Ben Fletcher: The Life and Times of a Black Wobbly
By Peter Cole
PM Press; 2021; 324 pages; $24.95
Revised and Expanded 2nd Edition.
Reviewed by Peter Babiak
This book is about a man we should know about: Ben Fletcher, a black union organizer with the famed International Workers of the World, a union dedicated to the overthrow of capitalism. Fletcher believed that the mission of industrial unionism is to organize all workers “regardless of race, color or trade” so they could collectively counter the power of the business class. With the revitalization of black radicalism and the upswing in labour agitation for a decent minimum-wage in the US, to say nothing of the antipathy towards union-busting corporations like Amazon, it’s a good time to rethink the role of social and economic class — not only the privileged categories of race, ethnicity, gender, sexuality — in the formation of “identity.”
After the more academic “Foreword” and “Introduction,” the book reads like an authentic biography compiled from original writings and speeches by — and about — a black man who started working on the Philadelphia docks forty years after the Civil War and by 1913 was leading a powerful IWW union local. Through almost one hundred historical documents — personal letters, editorials, pamphlets, handbills, even police and government memos — a picture emerges of a rhetorically-gifted, funny, and whip-smart defender of working people, and a believer in the ideal of industrial unionism, the idea that workers should be organized into “one big union” rather than be rendered into piecemeal organizations based on “race, color or craft differences,” as most unions were and often still are.
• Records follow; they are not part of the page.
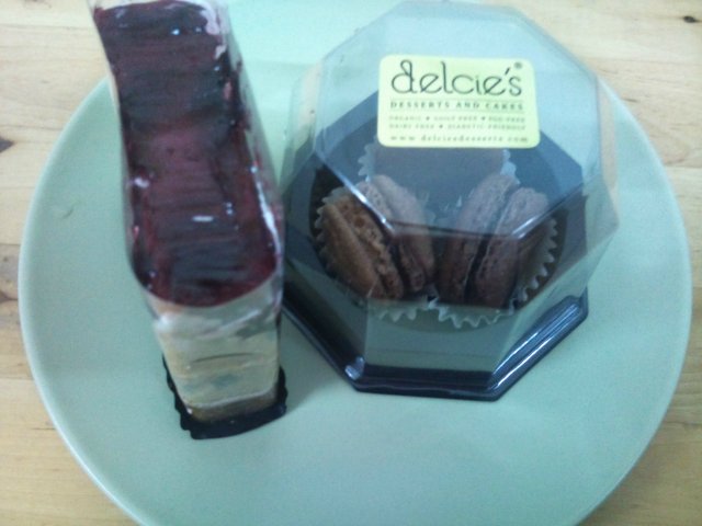Being a strict vegetarian, I do not have the luxury to consume cakes, as cakes usually contain eggs. However to my pleasant surprise, I came a across Delcie's Dessert and Cakes in Fortune Centre. This is not your ordinary kind of cake shop. Delcie's Dessert and Cakes is especially cater to vegetarian and vegan. This is because their cakes do not contain eggs and dairy. Not only that, their cakes and dessert is diabetic friendly too, as they use all natural ingredients in it.All their cakes look so yummy and colorful. To satisfy my sweet tooth craving, I bought a piece of Black Forest cake and a small box of Chocolate Macarons. These cost me about $15. Well it is not cheap, but if you want something special, you definitely have to pay for it.Taste Verdict: Super sweet. Definitely satisfy your sweet tooth !!…查看更多
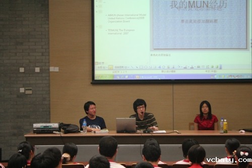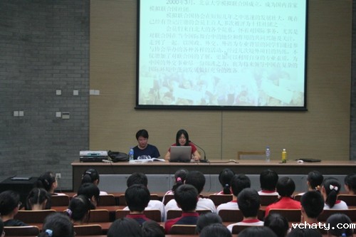 此次“模联”活动中,北京大学“全国中学生模拟联合国大会”组委会的工作人员 孙露和冯宇辰向大家介绍了“模拟联合国大会”的组织结构、活动形式、国际影响等诸多方面。特别是去年刚从我校毕业,曾是我校“模联”的主力成员,现为北京大学“模联大会”负责人的冯宇辰同学,以其亲身经历,讲述了参加模联活动使他更加关注国际事务,从中认识复杂的国际关系,了解和平解决争端的机制,培养外交谈判和达成共识的能力,同时使自己更加富于正义感、使命感……。我校应届高三毕业生,上届“模联”的主要成员,现已被美国圣乔治?华盛顿大学录取,并获得“美国总统奖学金”的刘晨飞同学,也以“过来人”的身份,向学弟、学妹们介绍了参加模联活动给他人生带来的变化,“模联”的经历大大开拓了视野,提升了能力,同时这段经历也帮助他顺利考取了美国大学,并获得奖学金。
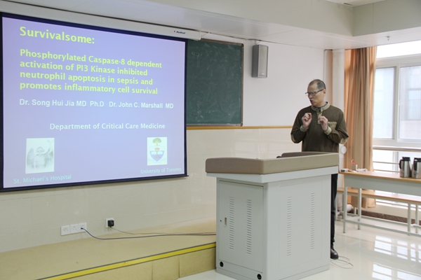 Jia Song Hui教授是国际知名的临床医学基础试验研究方面的专家,主要从事脓毒症相关研究。这次来访我院也不吝赐教,给大家带来了一场题为“Survivalsome: Phosphorylated Caspase-8 dependent activation of PI3 Kinase inhibited neutrophil apoptosis in sepsis and promotes inflammatory cell survival”的精彩学术演讲。他把自己在脓毒症方面的研究成果,毫无保留地介绍给大家;还结合自己的工作经历,和大家分享了他对于如何做好临床科学研究的想法和体会,给在场听课的医务人员提供了许多有益的启发。
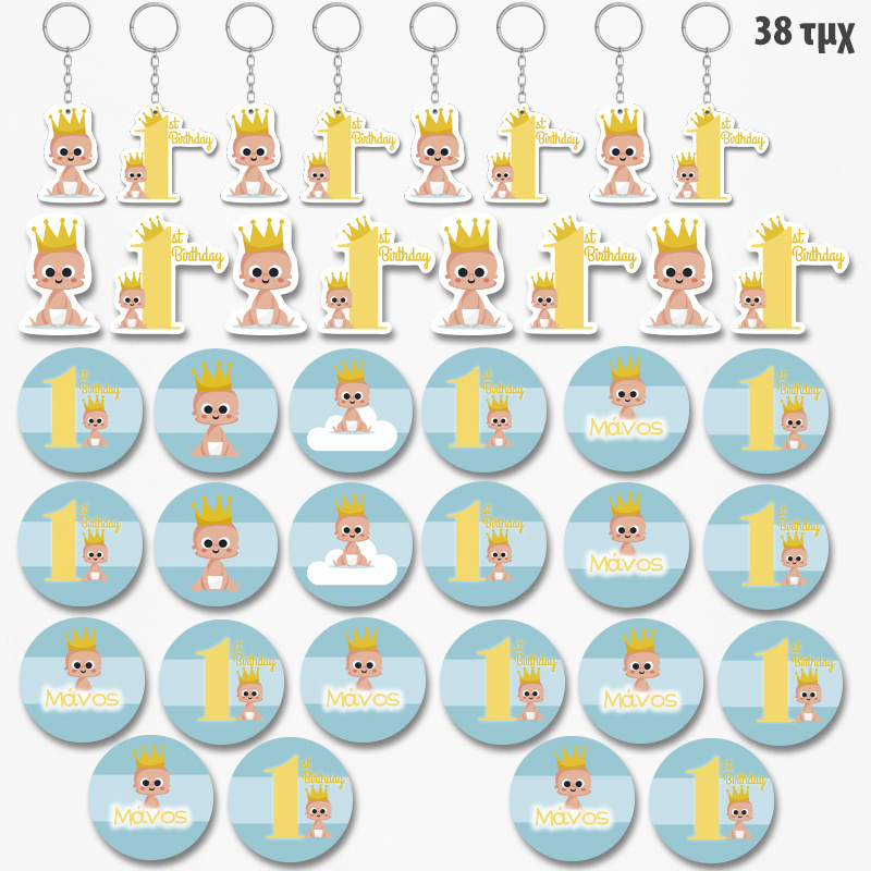 Πακέτο δωράκια 1st Birthday Boy για πάρτυ ή Βάπτιση αποτελείται από 38 τεμάχια που θα φέρουν απόλυτη διασκέδαση και χαρά στους μικρούς σας φίλους.

As Fletcher wrote in 1929, black people were experiencing “Race Consciousness,” which many considered an end-point in itself; though a necessary step, he argued that the celebration of race — like what the Harlem Renaissance writers were doing at the time, for example — must be “displaced with Class Consciousness” because, though they may be black, they are also workers in a capitalist economy. Which doesn’t mean race is irrelevant. The labour movement, he argues, “thinks and acts in terms of the White Race.” Today we’d call this “White privilege.” but calling attention to one’s identity is to call attention to differences in a limited polemical strategy. “Only by unifying our forces” — whether races, ethnicities, or genders — will working people get a fair deal from business. There is cultural distinction in every group, yes, but there is economic leverage in the collective organization of workers. The recent union drive at Amazon, which sadly failed, is helpful here: Amazon has no problem embracing the inclusive rhetoric of race, gender, sexuality; they do have a problem with a union’s talk of “class” though, because that would cost them more in wages and benefits.
When the Wobblies were organizing longshore-men in Baltimore, Fletcher called on all workers, “Negroes, polish, Italians, [and] Lithuanians,” to chip in, which they did. In an op-ed he wrote about “forming the structure of another society” based on the eventual abolition of the wage system, which could only be achieved by organizing all workers together. Fletcher made it north of the border, too, and after one such occasion in 1927, a man who heard him speak in Thunder bay wrote a letter to the editor at the Philadelphia Tribune lauding “this labor apostle of color.”
The book recalls a time when regular working people met at union halls to talk about political and social issues. We don’t think much about the “working class” and “unions” anymore, though we should. We should also know a thing or two about people like Fletcher, a man whose name belongs alongside prominent black activists like James Baldwin, Angela Davis, and Cornell West, all of whom knew that people must start seeing the world through the lens of class if they hope to make it a better place.